# MoveYourDomainDay 2016 Benefits EFF - TODAY!



## drmike (Feb 2, 2016)

This is ongoing today until midnight eastern time:


MoveYourDomainDay 2016



Protecting your rights to a free & open internet


Use coupon *MYDD2016* to move your domain for only $3.98 each. We'll donate to fight and protect online freedom for every domain transferred today.


Help fight for online freedom



Namecheap will donate between $0.50 and $1.50 to the Electronic Frontier Foundation for every domain transferred today (.com, .net, .org, .info or .biz). It's all about the fight for online rights: Freedom of internet access, the right to privacy, and anti-censorship.


Want to help fight the good fight? Just transfer your .com, .net, .org, .info, and .biz domains for $3.98 each. For every domain transferred up to 10,000, Namecheap will donate $0.50 to EFF. The donation amount goes up to $1.00 per domain if we exceed 10,000. And if we exceed 20,000 domains transferred, Namecheap will donate $1.50 for each. EFF will continue fighting for our online rights. You'll receive an extra year on your domain name when you transfer, plus a free SSL certificate and free Private Email for a year.


Link: https://www.namecheap.com/campaigns/2016/mydd.aspx#


----------



## drmike (Feb 2, 2016)

Stats so far:



25885



Domain Transfers



$38827.50



Donated to EFF


----------



## drmike (Feb 3, 2016)

Thanks to everyone that supported the EFF yesterday.

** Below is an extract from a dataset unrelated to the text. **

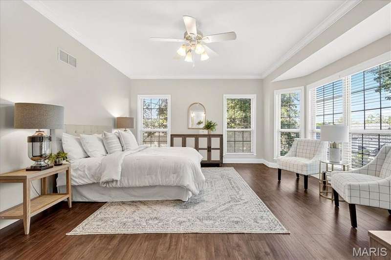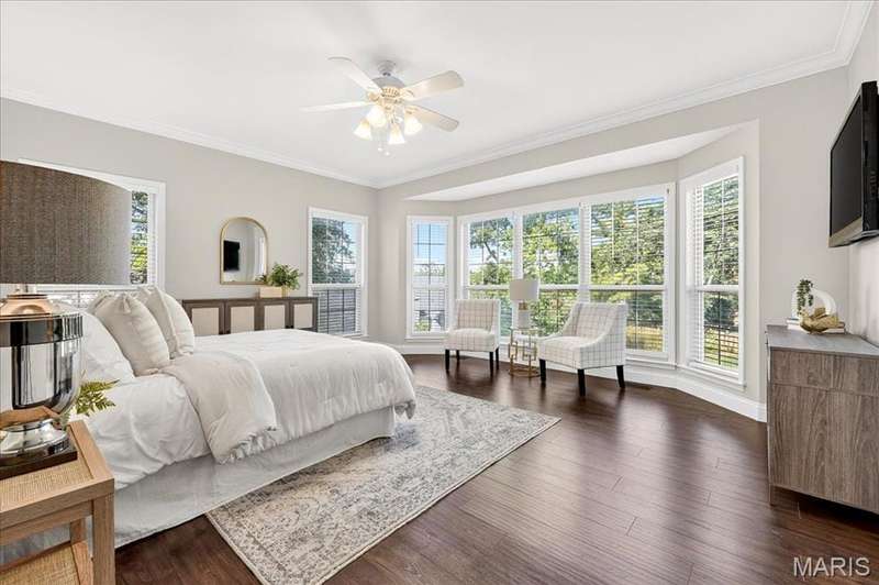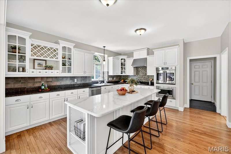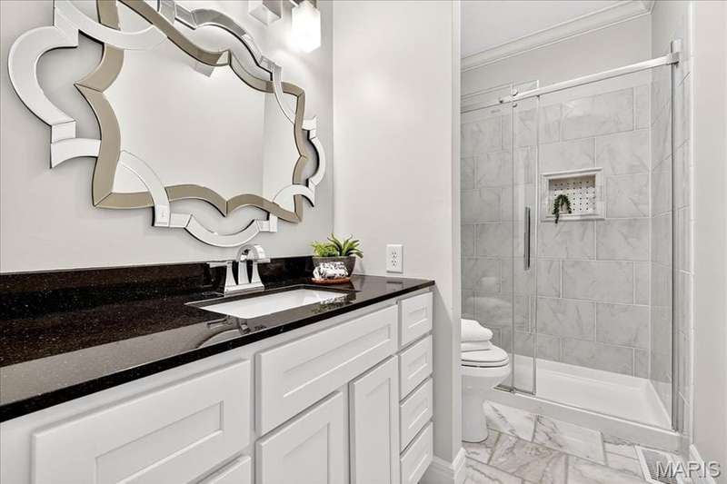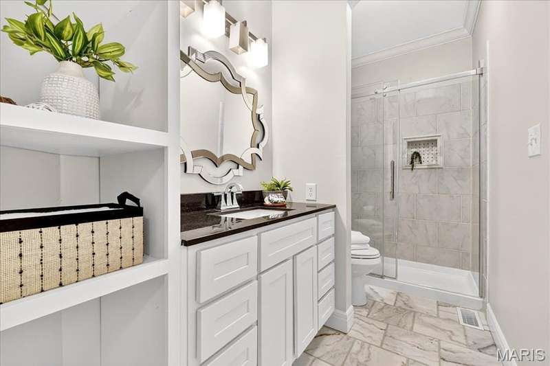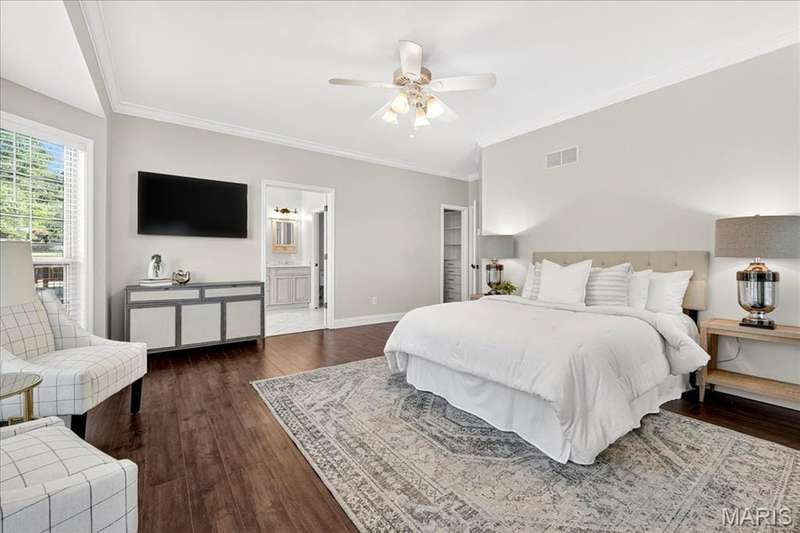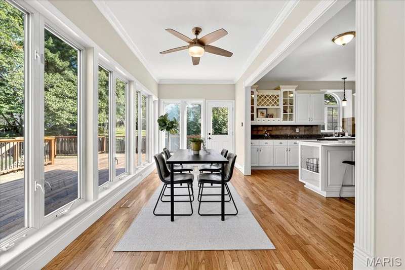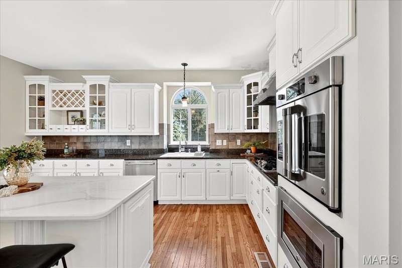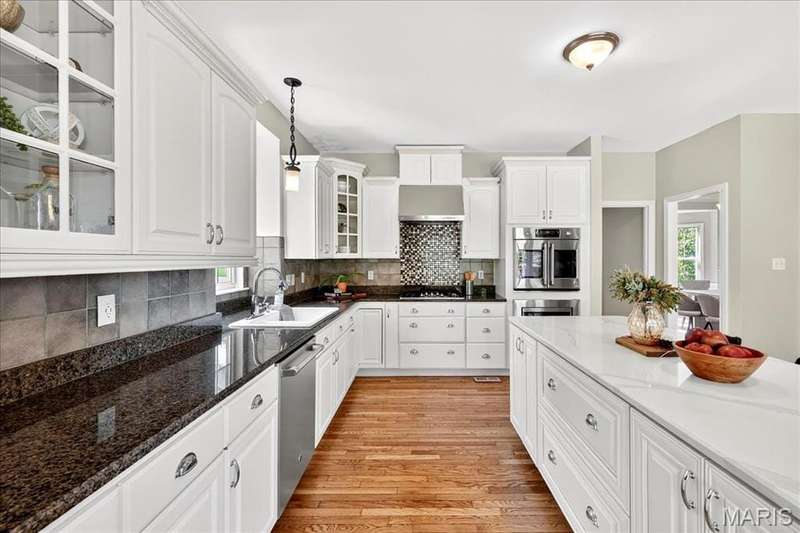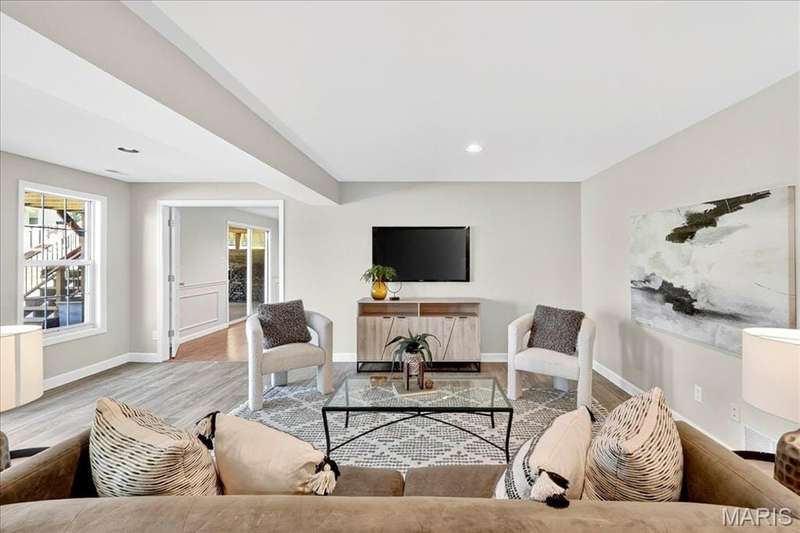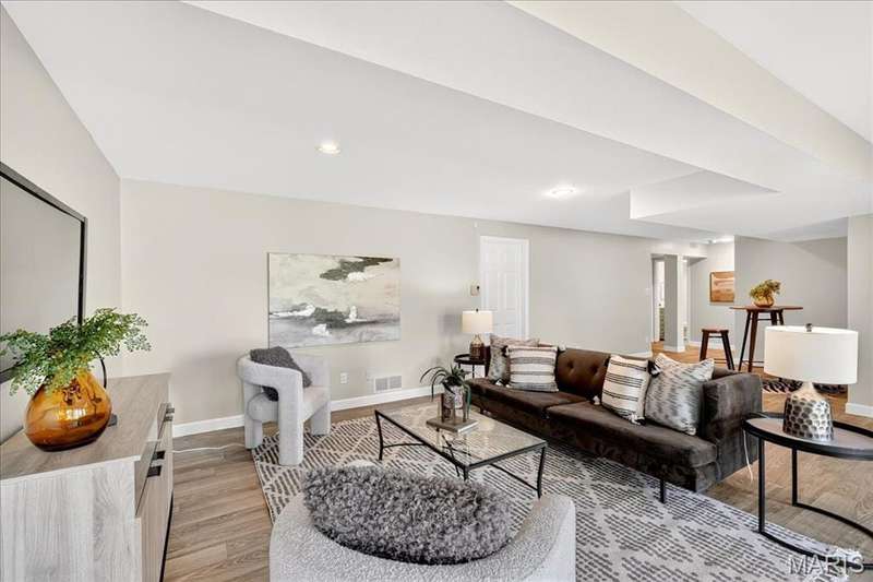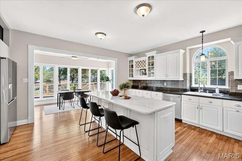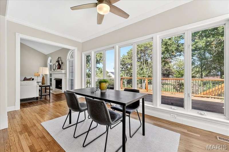Beautifully maintained ranch-style home with a spacious walk-out lower level. The inviting great room with a cozy fireplace flows seamlessly into the large kitchen and breakfast/sunroom, where a wall of windows showcases views of the oversized deck and backyard. The main level features three bedrooms, including a primary suite with a spa-like bath that includes a soaking tub, a separate shower, and a spacious walk-in closet. Hardwood floors run throughout the main level, while the kitchen boasts a generous center island, 42 cabinets, and granite countertops.The finished lower level expands the living space with a huge family room, a versatile bonus room perfect for crafts or play, plus a fourth bedroom with its own en-suite bath. Ample storage remains in the unfinished area. Additional highlights include a two-car garage and numerous updates, including a new roof, gutters, siding, updated electrical panel, and garage door. Conveniently located near shopping, dining, and major highways.

Namecheap raised a bundle to benefit the EFF:


Free & Open Internet Is What It's All About



Thanks for helping us support the Electronic Frontier Foundation on our fifth annual MoveYourDomainDay, on Feb. 2, 2016. Our customers transferred 36634 domains on this date, which raised $54951.00. We hope you'll join us for MoveYourDomainDay 2017.


----------



## tmzVPS-Daniel (Feb 3, 2016)

drmike said:


> Thanks to everyone that supported the EFF yesterday.
> 
> 
> Namecheap raised a bundle to benefit the EFF:
> ...




Interesting stat! So many domains for so little money lol. 


- Daniel


----------



## RosenHost (Feb 4, 2016)

I transferred my last domain from GoDaddy to namecheap. Still awaiting for Daddy to confirm transfer out .This was a nice promo


----------



## brookesdjb (Feb 4, 2016)

I transfered 4 domains out from GoDaddy to Namecheap last year, 3 went across within the hour, but my one .co.uk domain failed because GoDaddy don't have an automated process for changing IPS tags. Their first line support didn't know what an IPS tag was until I phoned up, but after I explained and they passed it up to the more senior support the remaining domain transferred fine, took me about 3 tries over 2 weeks to realise it was failing for some reason though.... So worth checking


----------